Structure Scan 3D now adds the height aspect of what we see on Side Scan to help anglers better understand what is going on beneath us. As an example that I can easily relate to, as an architect, looking at floor plans of a house can only give you so much information. It is only once you read the floor plan in conjunction with the front and side views and 3D perspectives that you can fully understand and appreciate what it is you are looking at.

This is where structure scan 3D comes into its own. Anglers often struggle to grasp how to read the Side Scan images, as it can be tricky to understand the concept from just one image. The new 3D now makes things a little easier by putting the seabed and the boat into perspective, basically adding an extra view to help us understand.

As we drive around, we are given a 3D view of what is underneath and to the side of the boat. Any objects that protrude from the bottom will be easily detected. This is great for sounding reef or bommies.
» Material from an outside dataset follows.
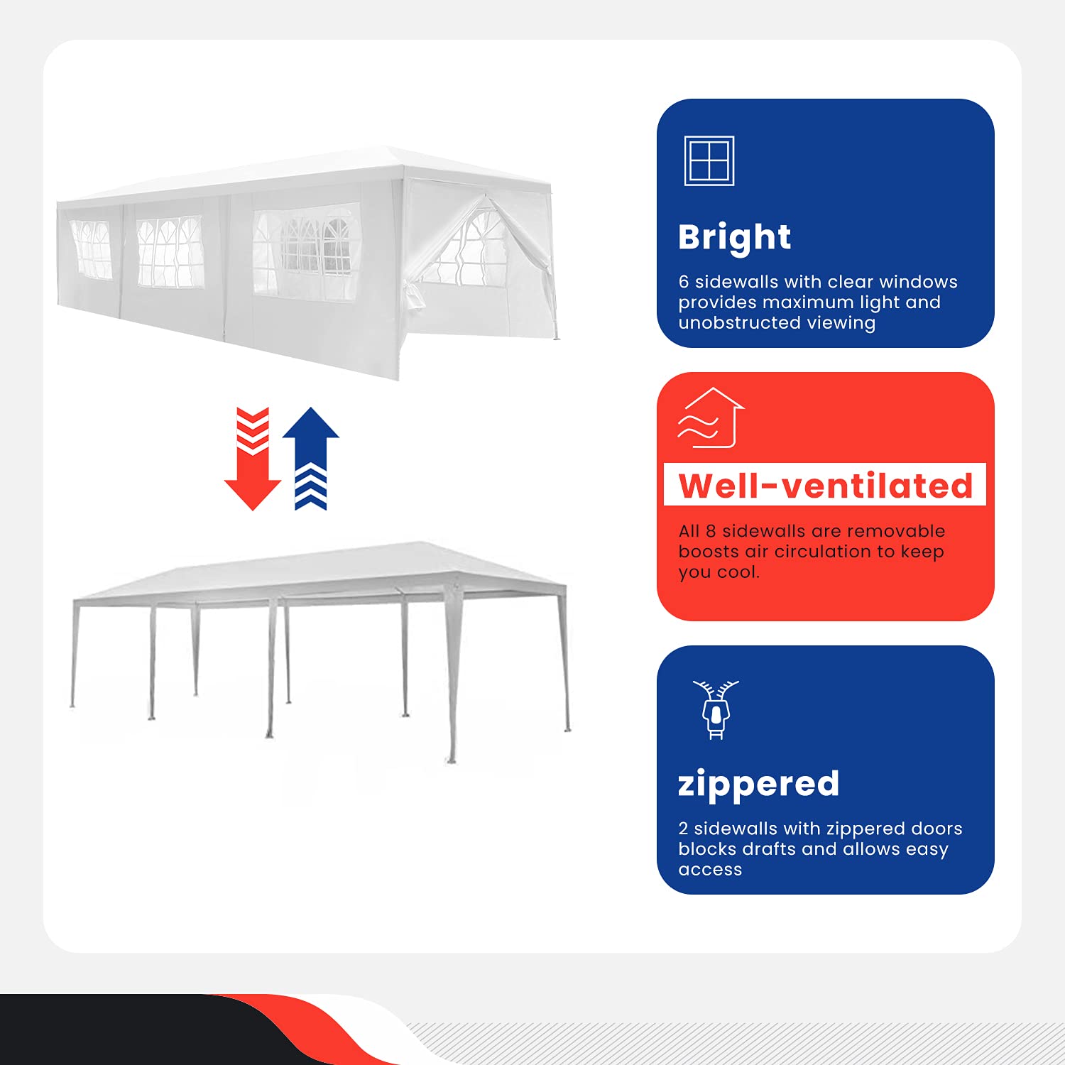 Canopy 10'x30' Party Tent Heavy Duty Outdoor Gazebo Wedding Party Tent with 8 Removable Sidewalls Waterproof UV Resistant for Wedding Camping Shelter BBQ,White

Fish are also shown on 3D as small dots in the water column. We can now see how far away from the boat they are and in what depth of water they are sitting. These fish can be easily marked by touching the screen and creating a new waypoint.

Shots in action

To give you a bit of an idea, below are a few screen shots with some explanations of what you are looking at. These were taken on the Gold Coast.

Below is a typical image that Structure Scan 3D will display. The orange cone also known as the ‘Leading Edge’ shows the area that is currently being scanned. We can also see that any current waypoints we have will show up as we drive through the area. This is handy when you have marked a school of fish and are positioning the boat to anchor or drift through the school.

The next image was taken at the same time, although this time the screen was panned to change the direction of the view. We are able to move 180° around the boat to view from different angles.

The last image shows a view from behind the boat, on the left hand side we can see the structure coming up. This was actually a rocky reef that met with a sand edge. You can see the contoured ‘jagged’ nature of the bottom and where it meets with the flat ground.

Install and compatibility

The Structure Scan 3D is an addition to Lowrance HDS Gen3 and Simrad NSS Evo 2 models. It comprises of a Sonar Module and a new Transducer. This new transducer now has 7 elements as opposed to 3 in previous models. These now allow for greater coverage and clarity. Side Scan is now greatly enhanced, with the ability to scan more than double the area that we were previously able to.

The installation process is simple, fit the Lss3 (3D) transducer and plug it straight into the Sonar Module. The sonar module then connects to your HDS or Simrad unit. The sonar module will need to be powered and wired up to a power source.

It will be very interesting to see how anglers use this new technology to help them locate and catch more fish. For me, the enhanced Side Scan coverage and clarity is just mind-blowing. That in itself has made the upgrade worthwhile! It is only very new tech, and in it’s early days, so I’m sure there is still plenty to learn, it is definitely a handy tool to add to the arsenal and I’m looking forward to playing with it more.